Batch prediction for a model

kaushalshetty · January 11, 2018, 12:05pm

I have a LSTM model trained for a batch size = 512. This means that 512 hidden states are initialized for each sample in the batch. Now during prediction if I give a batch_size=100 it throws an inconsistent size error probably because it cannot initialize the hidden states for the 100 samples since we have already set it in init_hidden. It does not throw an error if I pass each sample in the batch as one sample to the model during prediction. The output in such a case is broadcasted to the batch_size. So my question is whether my understanding is correct? Cant I do a batch prediction for a model?

Thanks,
Kaushal

jpeg729 · January 11, 2018, 1:40pm

Can you post the code for your model?

kaushalshetty · January 11, 2018, 3:25pm

class CharLevelLanguageModel(torch.nn.Module):
    def __init__(self,vocab_size,emb_dim,hidden_dim,batch_size):
        super(CharLevelLanguageModel,self).__init__()
        self.embedddings = torch.nn.Embedding(vocab_size,emb_dim,padding_idx=0)
        self.lstm = torch.nn.LSTM(emb_dim,hidden_dim,1,batch_first=True)
        self.linear = torch.nn.Linear(hidden_dim,vocab_size)
        self.batch_size = batch_size
        self.hidden_dim = hidden_dim
        self.hidden_state = self.init_hidden()

        
        
    def init_hidden(self):
        return (Variable(torch.zeros(1,self.batch_size,self.hidden_dim)),Variable(torch.zeros(1,self.batch_size,self.hidden_dim)))
    
    def forward(self,x):
        embeds = self.embedddings(x)
        output,self.hidden_state = self.lstm(embeds,self.hidden_state)
        return F.log_softmax(self.linear(F.tanh(output[:,-1,:])))
        
train = data_utils.TensorDataset(torch.LongTensor(dataX),torch.LongTensor(dataY))
train_loader = data_utils.DataLoader(train,batch_size=100,drop_last=True)
model = CharLevelLanguageModel(len(char_to_id)+1,100,50,100)
criterion = torch.nn.NLLLoss()
optimizer = torch.optim.Adam(model.parameters())
losses = []
for i in range(3):
    
    total_loss = torch.FloatTensor([0])
    for batch_idx,train in enumerate(train_loader):
        model.hidden_state = model.init_hidden()
        x,y = Variable(train[0]),Variable(train[1])
        y_pred = model(x)
        #print()
        loss = criterion(y_pred,y)
        total_loss+=loss.data
        loss.backward()
        optimizer.zero_grad()
        optimizer.step()
    losses.append(total_loss)

Above is the training code.

model.eval()
testX = dataX[0:2]
testVar = Variable(torch.LongTensor(testX))

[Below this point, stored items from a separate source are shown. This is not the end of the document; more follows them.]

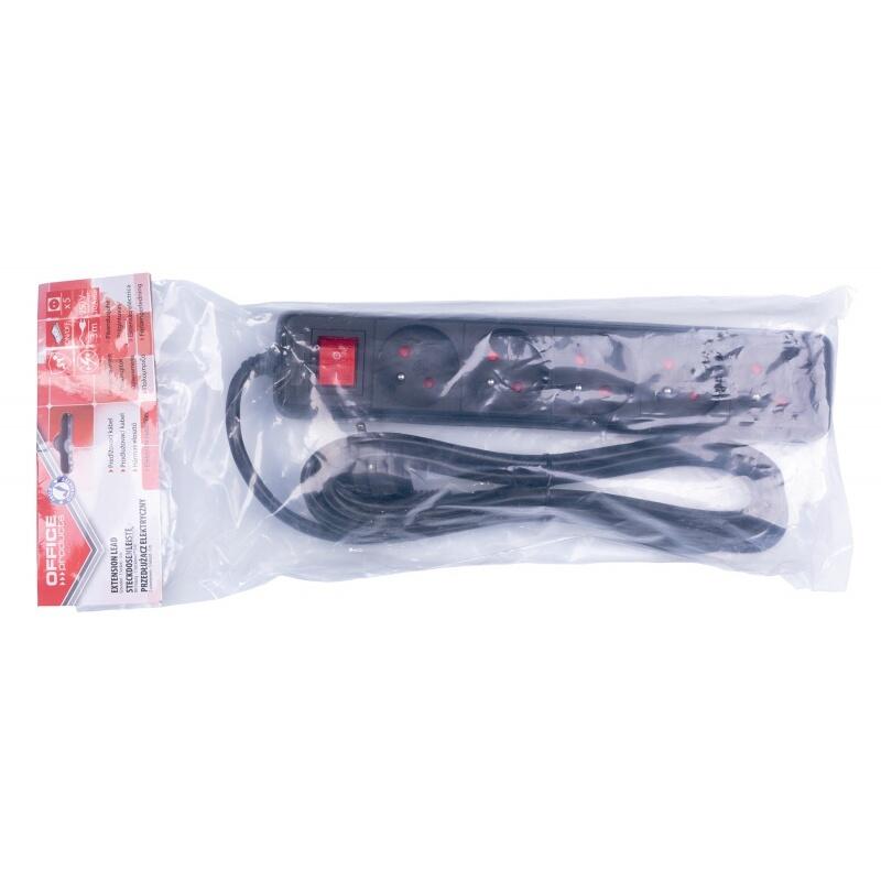 Prelungitor OFFICE Products cu intrerupator, 5 prize si cablu de 3 m, cu pamantare, negru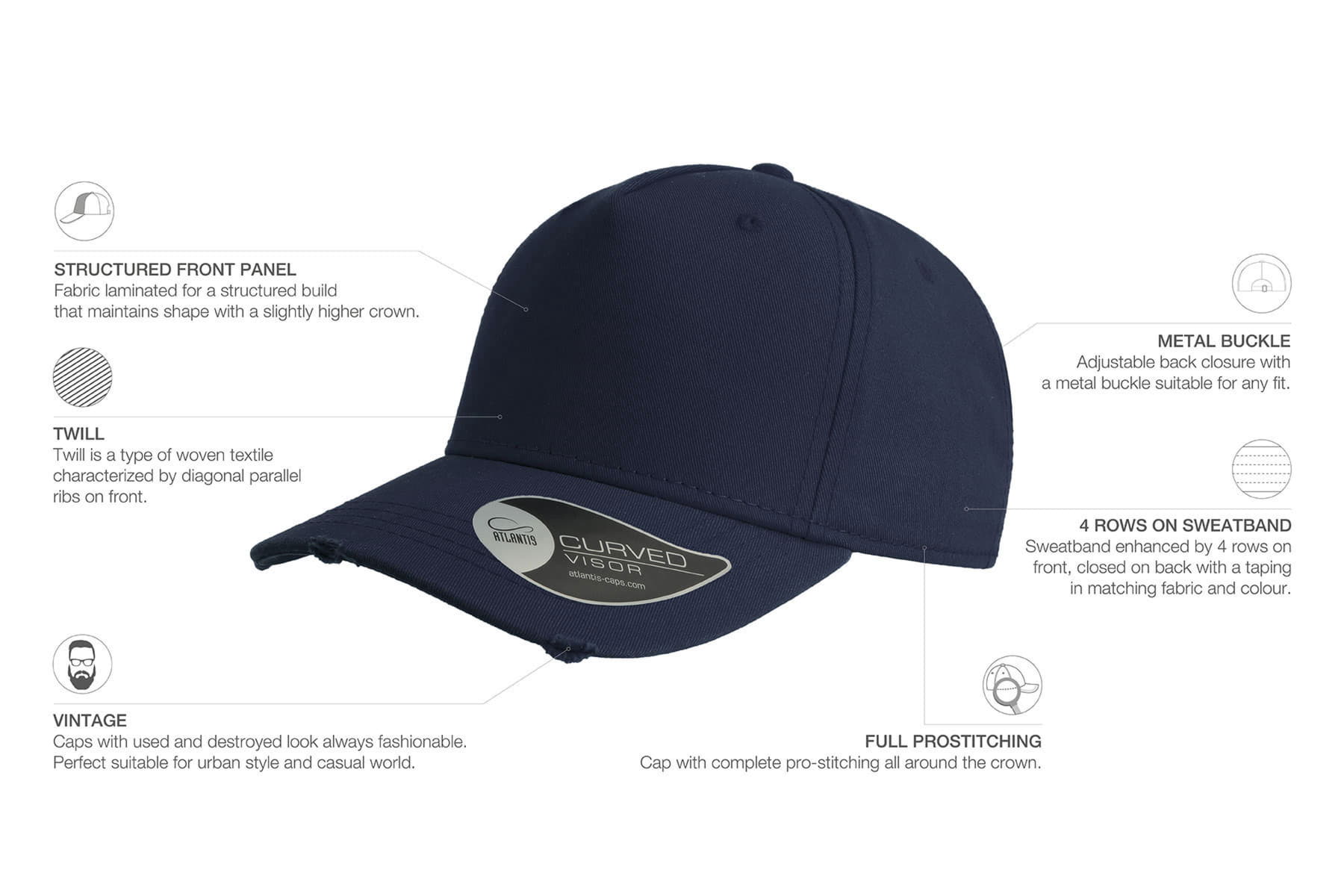 Конструкция из 5 панелей и регулируемый ремешок обеспечивают удобную посадку на голове. Мягкость волокон обеспечивается стиркой изделия после его изготовления.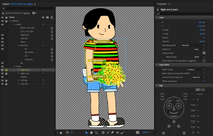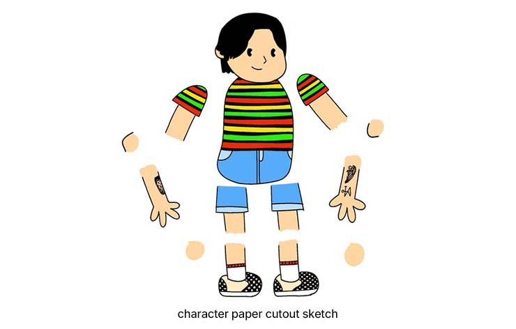 The character sketch, hand-drawn by rienne, was provided in a paper-cutout frame format to facilitate easy rigging in Adobe Character Animator. I imported the character into the software to set up the rigging, which is also my first time using Adobe Character Animator.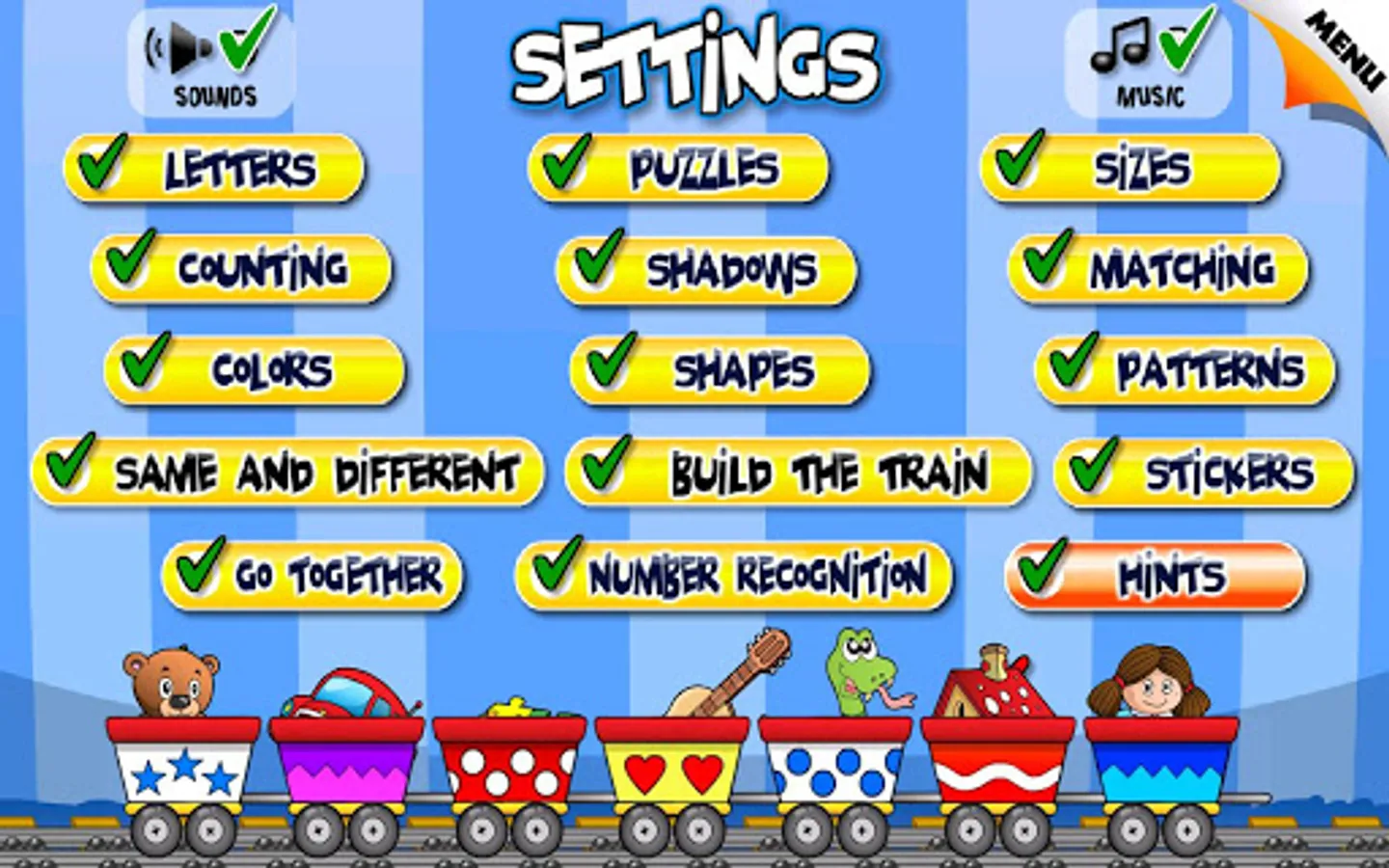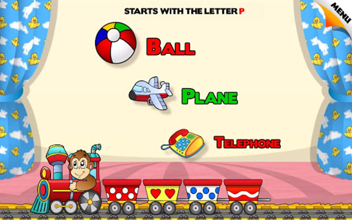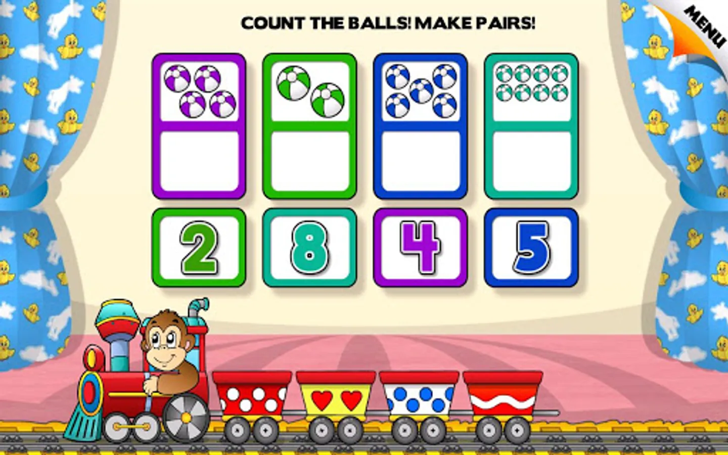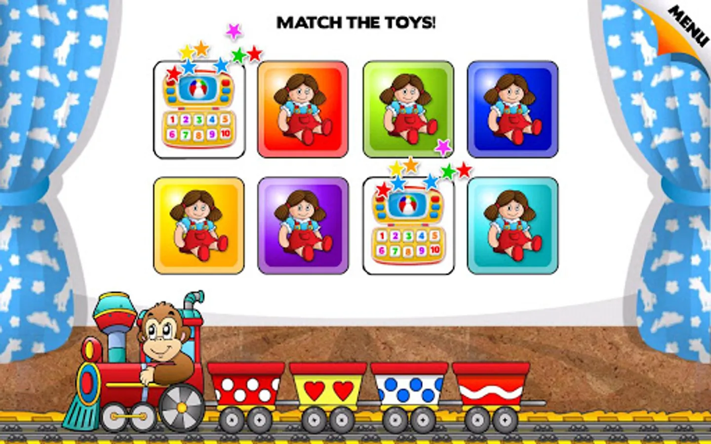 The ENTHUSIASTIC MONKEY CHARACTER is going to guide children through the whole game. As a reward after each round, children receive the opportunity to become creative artists and CHANGE THE DESIGN OF THE TRAIN, or obtain STICKERS TO SHOW OFF ON THEIR BOARD!

The above code throws inconsistent size error.

But if I run the below code:

testX = dataX[0]
testVar = Variable(torch.LongTensor(testX))

It executes successfully but it returns a size of (batch_size*output_labels). Each row is repeated batch_size number of times.

jpeg729 · January 11, 2018, 3:49pm

Did you reset the hidden state after training? You might need to do this before eval.

model.hidden_state = model.init_hidden()

kaushalshetty · January 11, 2018, 4:25pm

Oh I have not set that. I will do it and check. Was that the reason?

kaushalshetty · January 11, 2018, 4:49pm

Still getting the same error but thanks will keep in mind to set the hidden state before eval

jpeg729 · January 11, 2018, 5:12pm

My mistake, you also have to set the correct new batch size.

model.batch_size = test_batch_size
model.hidden_state = model.init_hidden()

If you don’t know why you need to do that then you know little about how an LSTM works.

Wrong. Using a batch size of 512 simply means that you feed the model with 512 samples in parallel. It is faster to do 512 calculations in one go, than to do 512 calculations one after the other. There are hidden_dim hidden states initialised per sample.

Once you have trained the model using a batch size of 512, the resulting trained model is valid for any batch size. You just have to reinitialise the hidden state for the new batch size.

The hidden state is the model’s “short-term memory”, so each time you give your model a batch of data, then unless the new batch of data contains the continuation of the sequences in the previous batch, then you should reset the hidden state.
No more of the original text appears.